* **Stored data**

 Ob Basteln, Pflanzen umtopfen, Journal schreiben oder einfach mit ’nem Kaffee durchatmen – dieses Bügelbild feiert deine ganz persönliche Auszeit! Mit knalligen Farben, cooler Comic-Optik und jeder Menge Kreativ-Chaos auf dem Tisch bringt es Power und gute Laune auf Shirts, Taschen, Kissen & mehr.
==
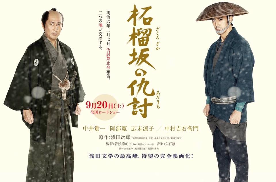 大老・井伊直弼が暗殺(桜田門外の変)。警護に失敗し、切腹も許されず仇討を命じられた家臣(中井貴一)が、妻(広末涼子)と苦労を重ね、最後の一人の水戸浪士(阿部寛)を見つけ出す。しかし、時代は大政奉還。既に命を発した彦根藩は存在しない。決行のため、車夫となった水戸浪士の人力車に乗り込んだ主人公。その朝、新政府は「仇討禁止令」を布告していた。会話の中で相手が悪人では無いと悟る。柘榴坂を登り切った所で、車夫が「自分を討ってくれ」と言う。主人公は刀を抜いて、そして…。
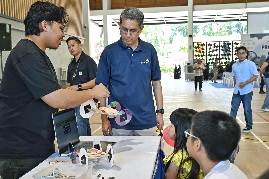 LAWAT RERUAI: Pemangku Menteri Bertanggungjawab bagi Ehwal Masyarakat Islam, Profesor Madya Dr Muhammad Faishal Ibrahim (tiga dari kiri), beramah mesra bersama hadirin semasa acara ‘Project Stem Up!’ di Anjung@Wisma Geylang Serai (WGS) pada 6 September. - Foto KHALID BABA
...
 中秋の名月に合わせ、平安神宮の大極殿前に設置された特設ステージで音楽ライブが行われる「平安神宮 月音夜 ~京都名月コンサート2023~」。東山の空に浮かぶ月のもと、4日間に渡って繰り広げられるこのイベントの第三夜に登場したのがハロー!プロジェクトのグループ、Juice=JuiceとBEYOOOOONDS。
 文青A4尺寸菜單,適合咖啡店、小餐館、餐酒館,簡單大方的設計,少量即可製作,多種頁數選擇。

* **Exercise aim**
Starting at the line with "大老・井伊直弼が暗殺(桜田門" in the entries above, write out every line exactly until the line with "LAWAT RERUAI: Pemangku" has been written. Include no pictures and nothing more.

* **Task response**
 大老・井伊直弼が暗殺(桜田門外の変)。警護に失敗し、切腹も許されず仇討を命じられた家臣(中井貴一)が、妻(広末涼子)と苦労を重ね、最後の一人の水戸浪士(阿部寛)を見つけ出す。しかし、時代は大政奉還。既に命を発した彦根藩は存在しない。決行のため、車夫となった水戸浪士の人力車に乗り込んだ主人公。その朝、新政府は「仇討禁止令」を布告していた。会話の中で相手が悪人では無いと悟る。柘榴坂を登り切った所で、車夫が「自分を討ってくれ」と言う。主人公は刀を抜いて、そして…。
 LAWAT RERUAI: Pemangku Menteri Bertanggungjawab bagi Ehwal Masyarakat Islam, Profesor Madya Dr Muhammad Faishal Ibrahim (tiga dari kiri), beramah mesra bersama hadirin semasa acara ‘Project Stem Up!’ di Anjung@Wisma Geylang Serai (WGS) pada 6 September. - Foto KHALID BABA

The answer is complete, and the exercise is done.